The lines to extract begin at the line that contains "Особенно значимыми нам" and run through the last line of the listing; reproduce them exactly, minus any pictures.

INPUT DATA:

* * *

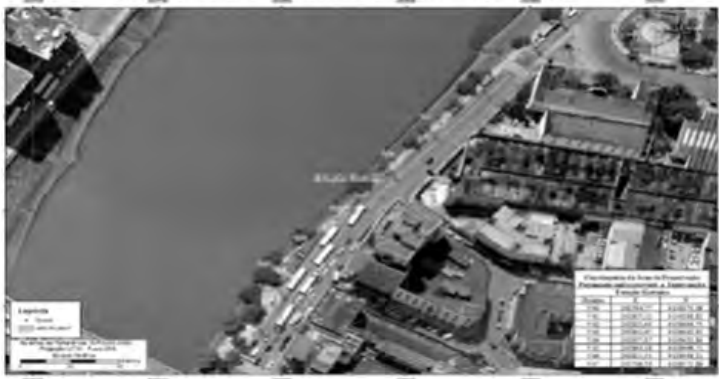
CROQUI DA ÁREA DE PRESERVAÇÃO PERMANENTE ONDE OCORRERÁ A INTERVENÇÃO
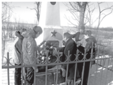
Возложение цветов у памятника в Минводах

Особенно значимыми нам представляются посещения в эти дни мест захоронений и памятников жертвам нацизма.
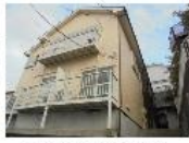
『サンヴェール菊名』 東急東横線 菊名駅 徒歩6分 間取り:1K 19.60㎡

* * *

PROBLEM SOLUTION:
Особенно значимыми нам представляются посещения в эти дни мест захоронений и памятников жертвам нацизма.
『サンヴェール菊名』 東急東横線 菊名駅 徒歩6分 間取り:1K 19.60㎡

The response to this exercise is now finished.